• EXERCISE BRIEF: Output the full listing below exactly as it reads, and skip anything that is a picture.

• SOURCE DATA:
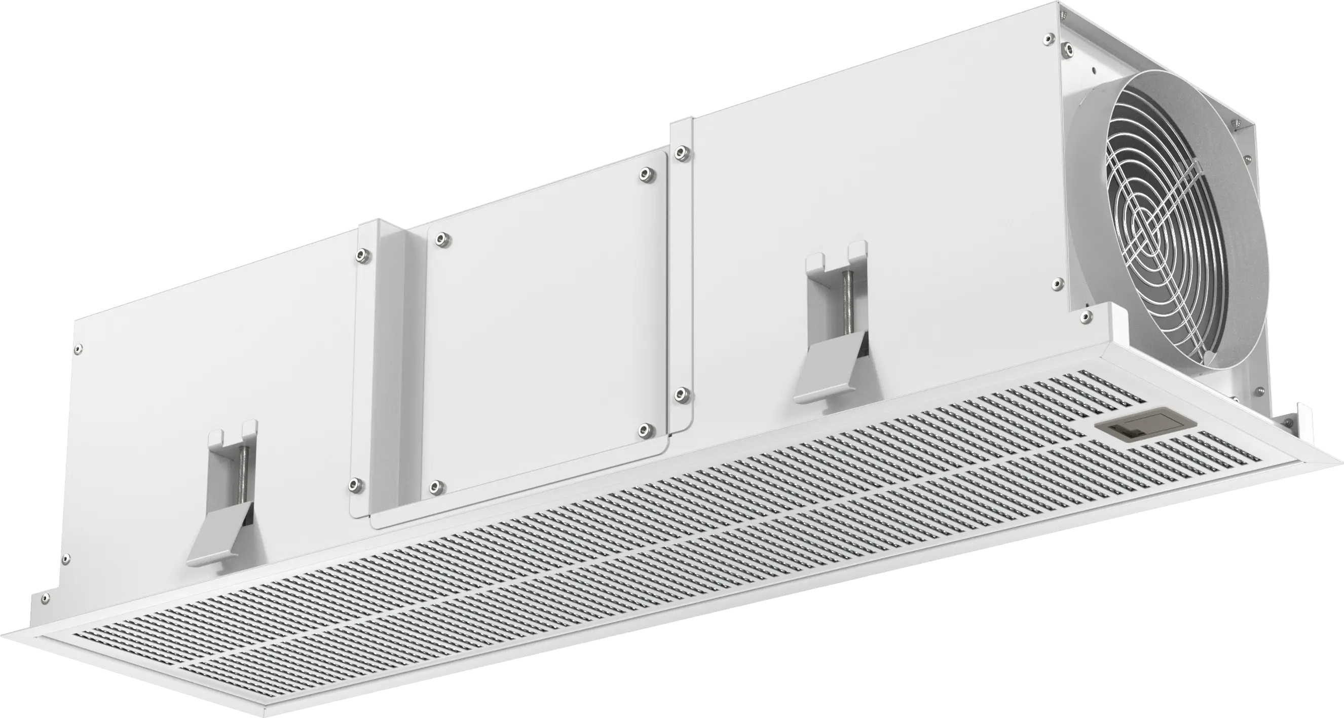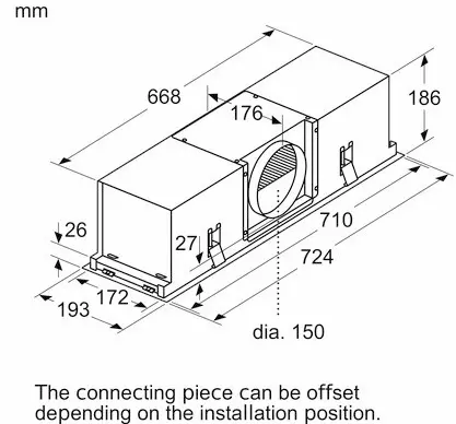 W przypadku płaskiego okapu sufitowego z prostokątnym wylotem powietrza wywiewnego wymagana jest przejściówka z płaskiego (okap sufitowy) na okrągłą (moduł recyrkulacji)
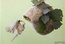 中华攀雀:体重7.5-11克,体长100-115毫米。体型纤小,雄鸟顶冠灰,脸罩黑,背棕色,尾凹形。雌鸟及幼鸟似雄鸟但色暗,脸罩略呈深色。 虹膜深褐色,嘴灰黑色,脚蓝灰色。…全部>>
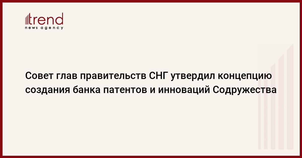 Совет глав правительств СНГ утвердил концепцию создания банка патентов и инноваций Содружества, передает корреспондент Белта.

• OUTPUT FOR THIS EXERCISE:
 W przypadku płaskiego okapu sufitowego z prostokątnym wylotem powietrza wywiewnego wymagana jest przejściówka z płaskiego (okap sufitowy) na okrągłą (moduł recyrkulacji)
 中华攀雀:体重7.5-11克,体长100-115毫米。体型纤小,雄鸟顶冠灰,脸罩黑,背棕色,尾凹形。雌鸟及幼鸟似雄鸟但色暗,脸罩略呈深色。 虹膜深褐色,嘴灰黑色,脚蓝灰色。…全部>>
 Совет глав правительств СНГ утвердил концепцию создания банка патентов и инноваций Содружества, передает корреспондент Белта.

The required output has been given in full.